--- What you are asked to do ---
Starting with the line with "Eigentijdse grafsteen van" in the entries below and going on through the line with "соусе — signature dish;", output every line exactly and nothing more. No pictures.

--- Data extracts ---
______

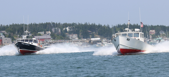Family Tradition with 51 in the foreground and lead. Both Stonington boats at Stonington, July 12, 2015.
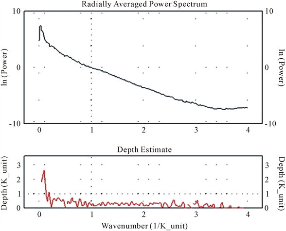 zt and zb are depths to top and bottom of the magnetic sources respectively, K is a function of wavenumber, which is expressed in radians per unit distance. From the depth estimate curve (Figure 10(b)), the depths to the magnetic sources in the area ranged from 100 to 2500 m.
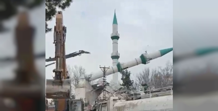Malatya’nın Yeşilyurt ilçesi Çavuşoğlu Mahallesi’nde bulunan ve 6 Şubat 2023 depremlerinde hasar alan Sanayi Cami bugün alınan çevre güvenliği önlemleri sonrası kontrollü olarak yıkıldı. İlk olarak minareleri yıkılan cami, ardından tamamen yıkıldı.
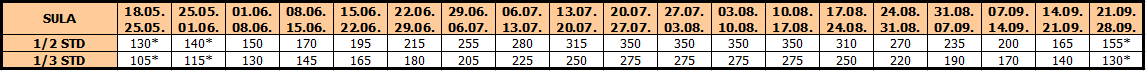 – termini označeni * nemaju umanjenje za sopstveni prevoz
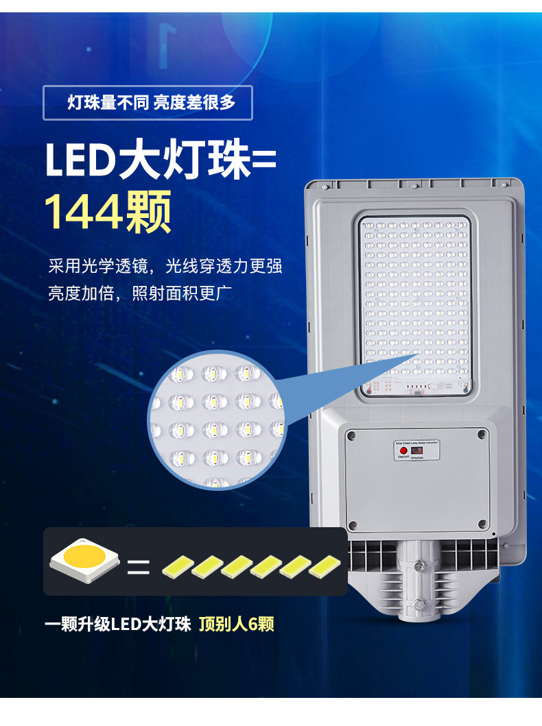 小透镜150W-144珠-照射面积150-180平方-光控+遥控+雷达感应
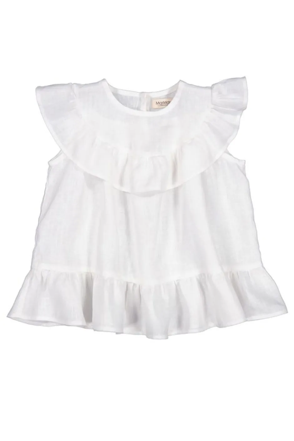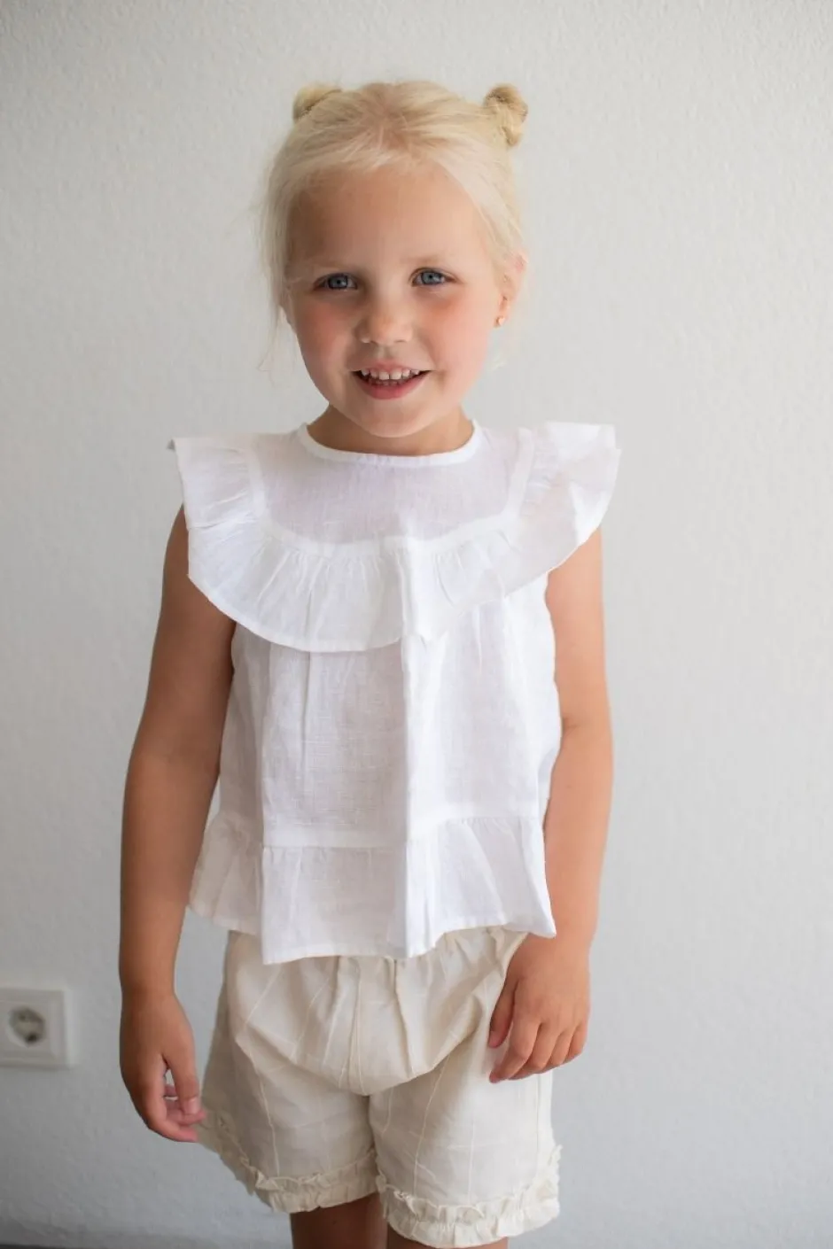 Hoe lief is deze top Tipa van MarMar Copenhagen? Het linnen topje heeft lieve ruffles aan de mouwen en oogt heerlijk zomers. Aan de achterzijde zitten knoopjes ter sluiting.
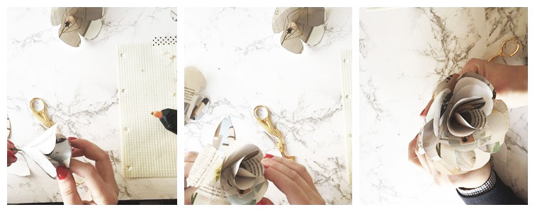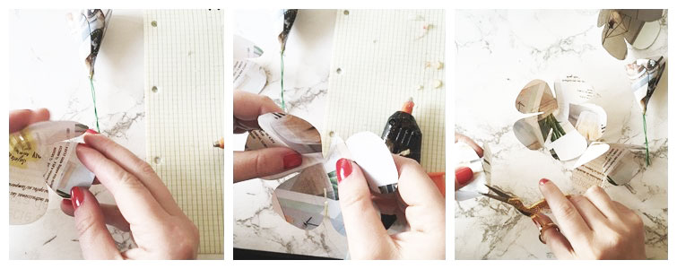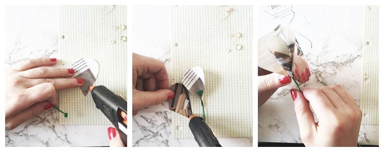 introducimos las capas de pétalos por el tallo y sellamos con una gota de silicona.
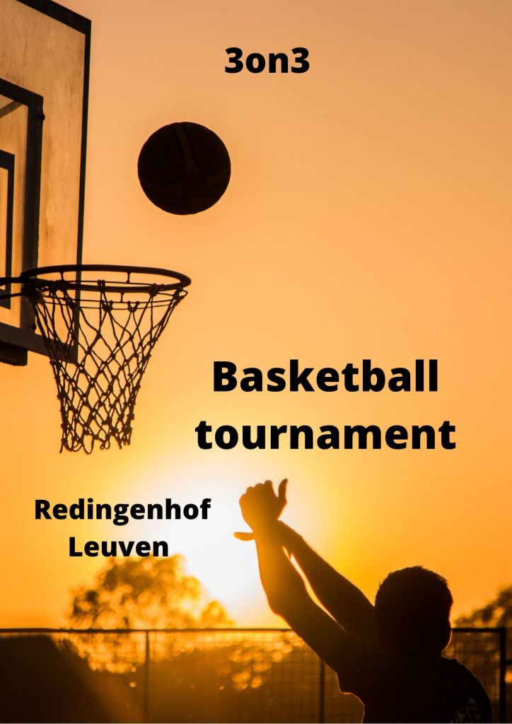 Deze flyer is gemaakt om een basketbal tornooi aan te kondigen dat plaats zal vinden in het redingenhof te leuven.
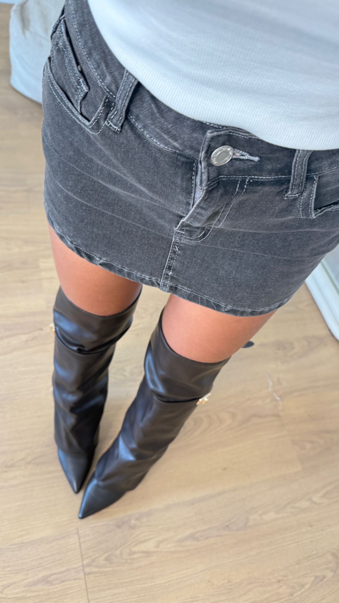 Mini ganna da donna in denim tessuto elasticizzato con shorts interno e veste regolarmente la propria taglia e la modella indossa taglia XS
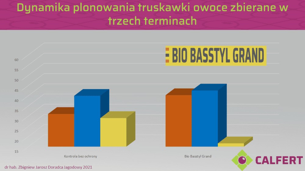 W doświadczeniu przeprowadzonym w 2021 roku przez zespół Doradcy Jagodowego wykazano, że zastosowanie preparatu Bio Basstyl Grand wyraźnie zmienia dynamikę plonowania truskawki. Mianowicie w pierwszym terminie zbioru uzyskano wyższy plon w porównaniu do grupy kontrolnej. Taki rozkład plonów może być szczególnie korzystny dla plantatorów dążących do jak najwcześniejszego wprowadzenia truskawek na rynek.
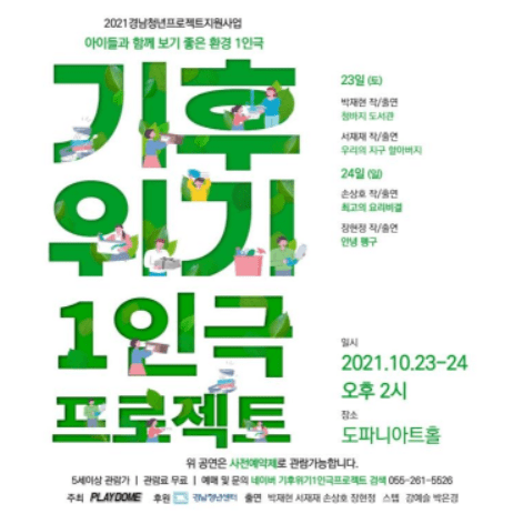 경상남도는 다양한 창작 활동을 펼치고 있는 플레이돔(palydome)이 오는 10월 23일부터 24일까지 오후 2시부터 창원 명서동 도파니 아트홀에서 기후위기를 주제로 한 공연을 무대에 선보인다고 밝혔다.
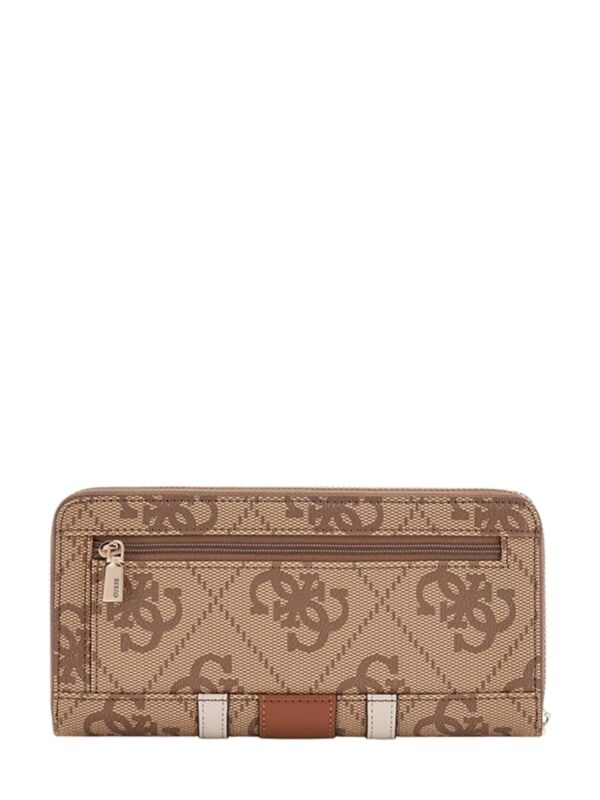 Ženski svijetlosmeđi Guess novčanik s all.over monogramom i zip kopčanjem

______

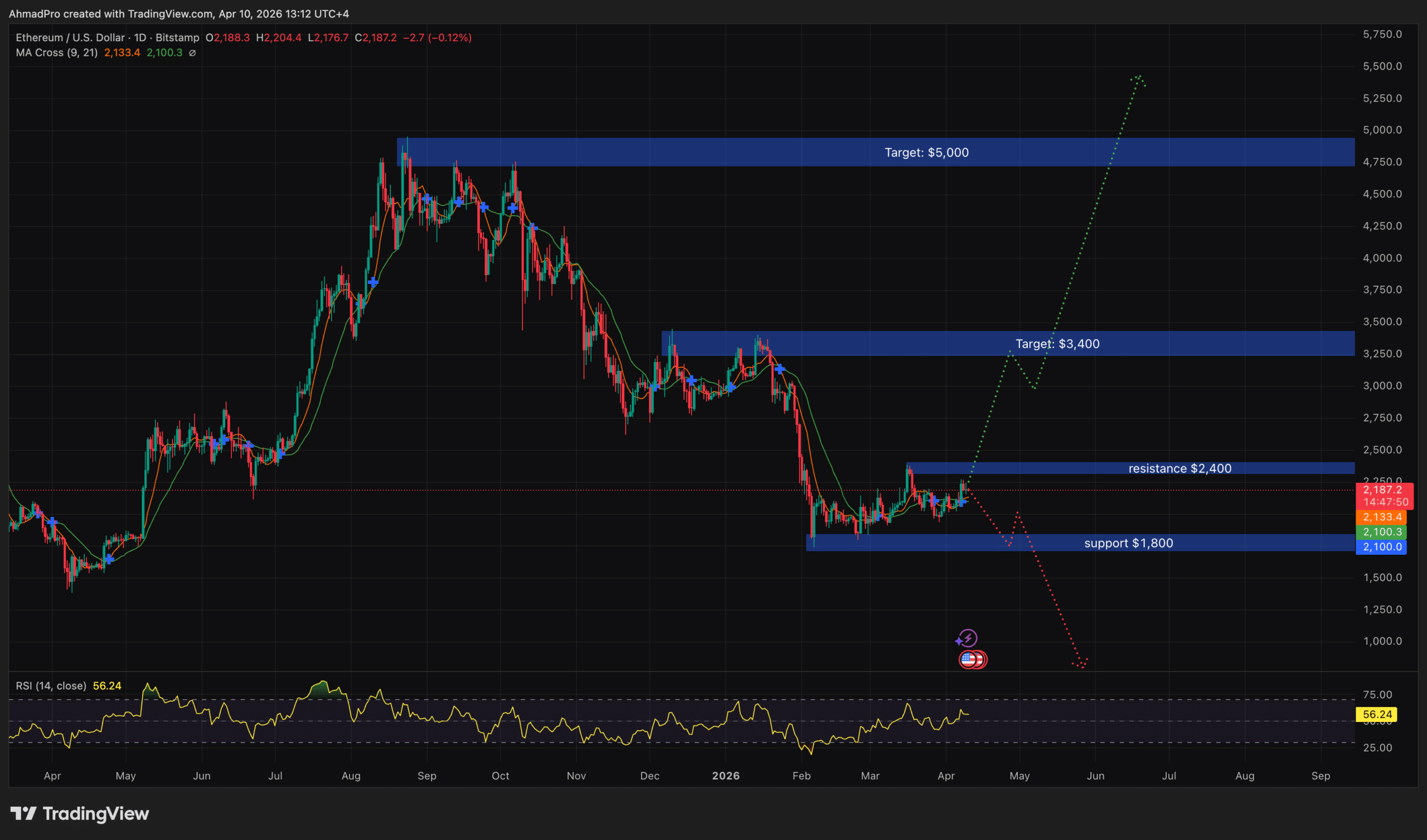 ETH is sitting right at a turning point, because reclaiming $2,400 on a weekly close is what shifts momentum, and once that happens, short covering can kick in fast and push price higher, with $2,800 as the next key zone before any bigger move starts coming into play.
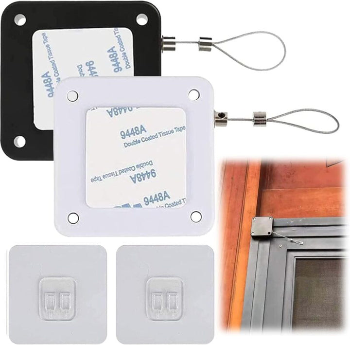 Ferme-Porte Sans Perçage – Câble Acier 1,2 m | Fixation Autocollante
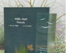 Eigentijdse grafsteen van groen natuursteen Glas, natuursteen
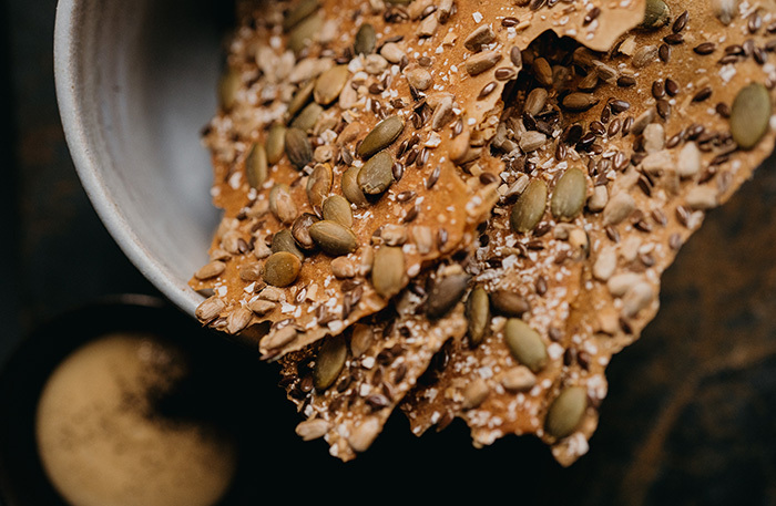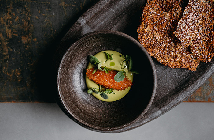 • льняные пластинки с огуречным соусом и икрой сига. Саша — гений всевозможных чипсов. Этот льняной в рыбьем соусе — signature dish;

______

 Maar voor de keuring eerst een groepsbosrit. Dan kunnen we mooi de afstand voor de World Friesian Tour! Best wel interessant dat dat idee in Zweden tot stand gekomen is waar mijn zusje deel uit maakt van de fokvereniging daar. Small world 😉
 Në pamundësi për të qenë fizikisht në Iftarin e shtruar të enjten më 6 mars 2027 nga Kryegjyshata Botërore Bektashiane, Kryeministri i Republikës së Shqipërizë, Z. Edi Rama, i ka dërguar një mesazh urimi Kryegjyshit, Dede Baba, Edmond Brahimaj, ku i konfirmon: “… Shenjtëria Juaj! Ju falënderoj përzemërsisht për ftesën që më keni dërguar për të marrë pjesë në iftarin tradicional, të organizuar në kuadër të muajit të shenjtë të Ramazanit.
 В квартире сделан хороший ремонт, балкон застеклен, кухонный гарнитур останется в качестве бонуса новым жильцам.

______

--- Solved problem ---
 Eigentijdse grafsteen van groen natuursteen Glas, natuursteen
 • льняные пластинки с огуречным соусом и икрой сига. Саша — гений всевозможных чипсов. Этот льняной в рыбьем соусе — signature dish;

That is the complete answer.